> [Exercise description] When a line below holds the string "with", show that line.

[Source data]

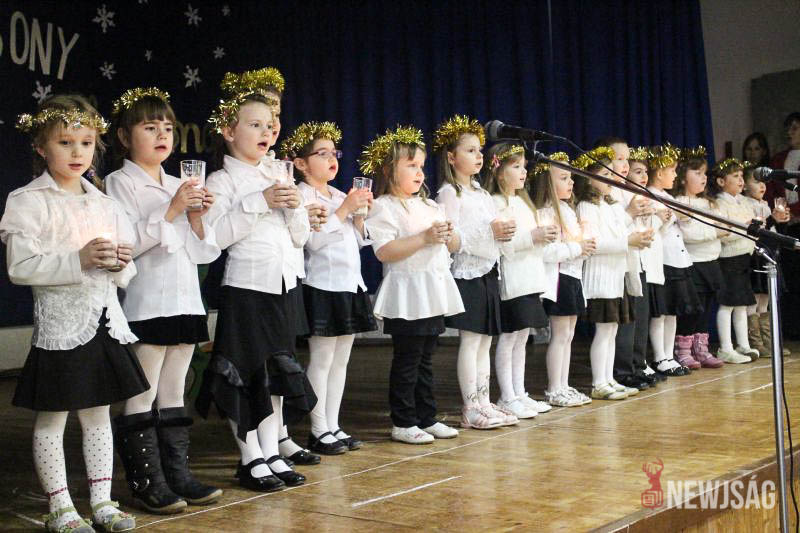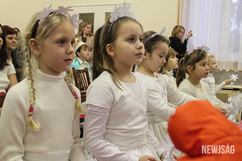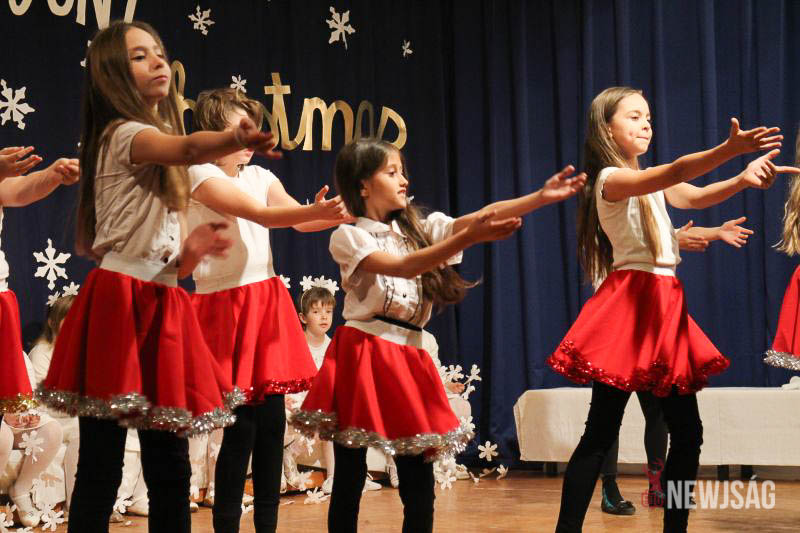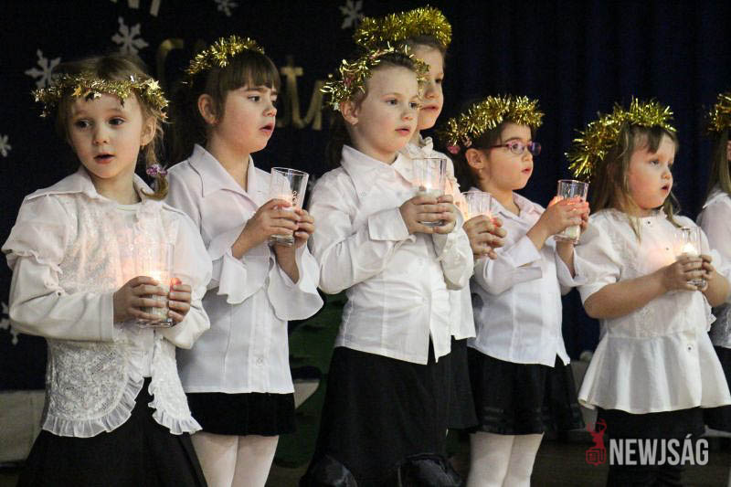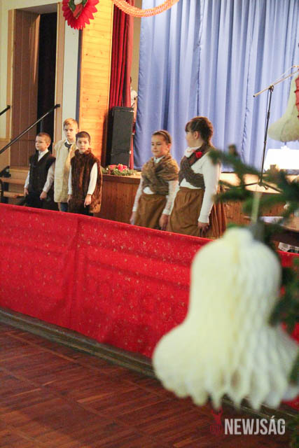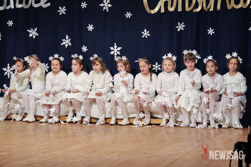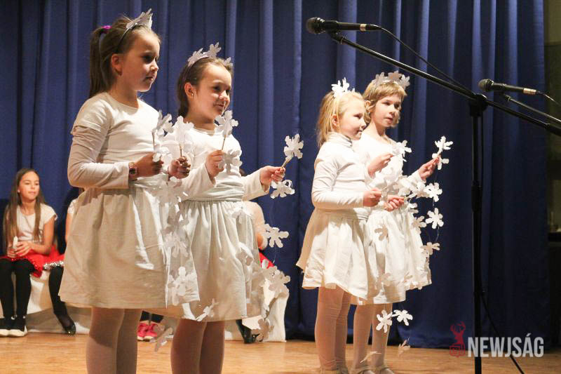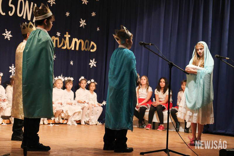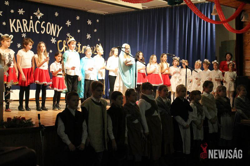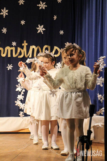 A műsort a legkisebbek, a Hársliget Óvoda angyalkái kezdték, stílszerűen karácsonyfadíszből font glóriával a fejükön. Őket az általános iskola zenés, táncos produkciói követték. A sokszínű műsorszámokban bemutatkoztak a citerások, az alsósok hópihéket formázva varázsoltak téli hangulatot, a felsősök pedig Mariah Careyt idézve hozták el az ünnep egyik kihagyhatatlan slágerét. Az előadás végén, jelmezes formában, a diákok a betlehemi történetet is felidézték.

[/Source data]
[Source data]

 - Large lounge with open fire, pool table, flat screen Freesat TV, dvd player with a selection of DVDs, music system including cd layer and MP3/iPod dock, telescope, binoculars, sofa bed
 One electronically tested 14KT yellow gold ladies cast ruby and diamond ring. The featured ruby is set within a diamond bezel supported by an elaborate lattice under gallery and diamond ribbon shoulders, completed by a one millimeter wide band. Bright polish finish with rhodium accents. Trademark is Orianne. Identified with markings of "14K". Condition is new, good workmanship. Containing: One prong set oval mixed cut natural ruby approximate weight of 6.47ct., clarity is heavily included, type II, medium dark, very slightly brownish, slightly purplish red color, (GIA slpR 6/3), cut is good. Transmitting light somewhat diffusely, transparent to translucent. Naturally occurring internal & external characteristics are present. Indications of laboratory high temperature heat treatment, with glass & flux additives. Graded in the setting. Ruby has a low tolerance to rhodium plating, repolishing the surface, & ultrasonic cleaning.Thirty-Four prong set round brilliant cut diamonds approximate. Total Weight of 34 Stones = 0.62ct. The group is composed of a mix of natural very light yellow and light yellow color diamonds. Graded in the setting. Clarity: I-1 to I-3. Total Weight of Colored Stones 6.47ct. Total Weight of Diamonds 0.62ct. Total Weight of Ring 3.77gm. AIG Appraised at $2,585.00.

[/Source data]

> [Expected output]
 - Large lounge with open fire, pool table, flat screen Freesat TV, dvd player with a selection of DVDs, music system including cd layer and MP3/iPod dock, telescope, binoculars, sofa bed
 One electronically tested 14KT yellow gold ladies cast ruby and diamond ring. The featured ruby is set within a diamond bezel supported by an elaborate lattice under gallery and diamond ribbon shoulders, completed by a one millimeter wide band. Bright polish finish with rhodium accents. Trademark is Orianne. Identified with markings of "14K". Condition is new, good workmanship. Containing: One prong set oval mixed cut natural ruby approximate weight of 6.47ct., clarity is heavily included, type II, medium dark, very slightly brownish, slightly purplish red color, (GIA slpR 6/3), cut is good. Transmitting light somewhat diffusely, transparent to translucent. Naturally occurring internal & external characteristics are present. Indications of laboratory high temperature heat treatment, with glass & flux additives. Graded in the setting. Ruby has a low tolerance to rhodium plating, repolishing the surface, & ultrasonic cleaning.Thirty-Four prong set round brilliant cut diamonds approximate. Total Weight of 34 Stones = 0.62ct. The group is composed of a mix of natural very light yellow and light yellow color diamonds. Graded in the setting. Clarity: I-1 to I-3. Total Weight of Colored Stones 6.47ct. Total Weight of Diamonds 0.62ct. Total Weight of Ring 3.77gm. AIG Appraised at $2,585.00.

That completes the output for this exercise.